Speaker: Prastudy Fauzi


Bitcoin and Anonymity

"Bitcoin is like Twitter for your bank account" — Ian Miers


Current Anonymous Cryptocurrencies and Their Limitations

Dash, Monero, Zcash
What technologies do they use?
Tumblers (Dash), Ring signatures (Monero), SNARKs (Zcash)
Questions you should ask yourself:

Do these protocols require coordination?
Do they have plausible deniability?
Provably anonymous?
Require trust in third parties?
How large are the UTXOs?


On Tumblers

Centralized tumblers are easy, but requires trust
Decentralized tumblers are complex and require interactive, but are provably secure

See TumbleBit, etc


On Ring Signatures

Ring Signatures allow multiple signers to have indistinguishable signatures
How to use Ring Signatures for anonymity?

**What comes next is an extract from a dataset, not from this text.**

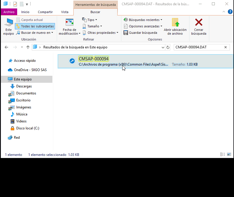 - Puedes encontrar la ruta del DAC en el archivo con extensión *.dat; para ello, ingresa a: C:\Program Files (x86)\Common Files\Aspel\Sistemas Aspel

Every UTXO, when it is spent, is involved in a ring signature
But since the ring has many plausible inputs, you don't know for sure that it was spent
Hence, you usually cannot prune the UTXO set, because you don't know what was actually spent
Thus the UTXO set keeps growing and growing! This is bad.
There are times when insufficient ring sizes and decoy selection can cause inputs to be revealed

Via process of elimination


On Zero Knowledge Proofs

Privacy-wise, can think of them as an extension of ring signatures, using fancier crypto
Can hide in anonymity sets (number of potential inputs) of UNBOUNDED size

I.e., the entire shielded pool in Zcash could be the input of a shielded txn


But generation time for transactions are high! And need for trusted setup.


Drawbacks with these?

Nothing offers all of anonymity, deniability, and theft prevention
Zcash and Monero cause monotonic growth of the UTXO set
Zcash is not particularly efficient


QuisQuis basic idea

S wants to send money to R—how to hide?
Add decoy transactions flying around to provide cover and anonymity
But wait... how to construct those decoy transactions?

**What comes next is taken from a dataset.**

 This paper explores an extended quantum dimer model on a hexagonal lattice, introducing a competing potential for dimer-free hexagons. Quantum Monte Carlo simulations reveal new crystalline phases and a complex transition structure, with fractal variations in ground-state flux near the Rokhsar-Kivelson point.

Can we move other people's money without their approval...?
While also preventing theft?


What if we have A send money to A', where A' is a random looking address OWNED by A?

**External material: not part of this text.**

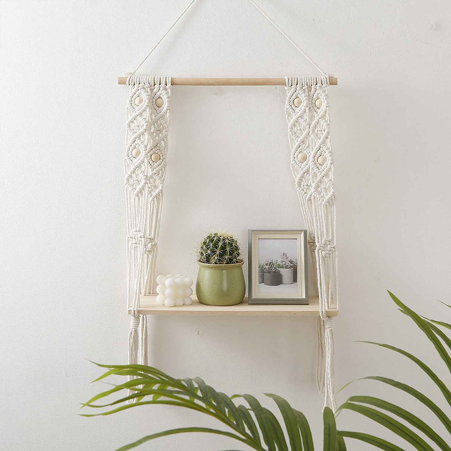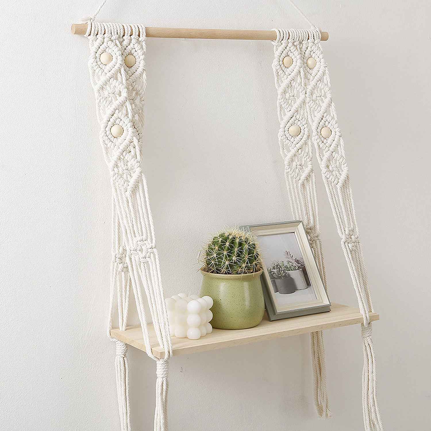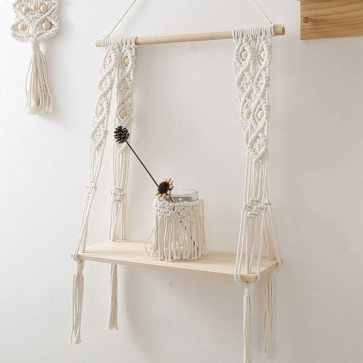 This macrame wall hanging is created to fit in any space and budget. Beautiful wall art creates a sense of harmony and comfort for your room. It is great for a bedroom, dorm room, living area, baby nursery, work space or anywhere where you’d like to bring some texture and interest to your walls. These hanging shelves for wall are the perfect eco-friendly gifts for home decor enthusiasts. The wooden shelves for wall are made in pure pine wood making it absolutely sturdy and can be used to place any decor and display items whether its plants or books or any shelf decor accent.

For this, we need updatable public keys

public key can be "updated" with nonce to produce pk'

but should still verify the same signature as original public key


we want an unforgeable construction—given pk', you shouldn't be able to learn sk.


QuisQuis construction:

Gen -> pk = (g^s, g^sx) = (u, v), sk = x

I.e., pk is raising a group element to some exponent s and then a multiple of that exponent, x * s
Your private key is the x that u is raised to, producing v


Update(pk, r) -> pk' = (u^r, v^r)

I.e., you can tweak the public key by raising both elements to an exponent r
Becomes (g^sr, g^sxr)

The relationship between u and v is retained


Correct: yep
indistinguishable: any two pairs cannot be told apart from random without knowing x
Unforgeability: you can only find x if you've broken the discrete log


Basic QuisQuis transaction:

Real input pk_s
Real output pk_r
Run update(pk_r) -> pk_r'
Pick random pk_A from UTXO set
Run update(pk_A) -> pk_A'
Then provide a zero-knowledge proof for the following statement:

"N - 1 public keys were updated correctly (hiding which ones)"
"I know the secret key corresponding to the last public key (and therefore I can spend it)"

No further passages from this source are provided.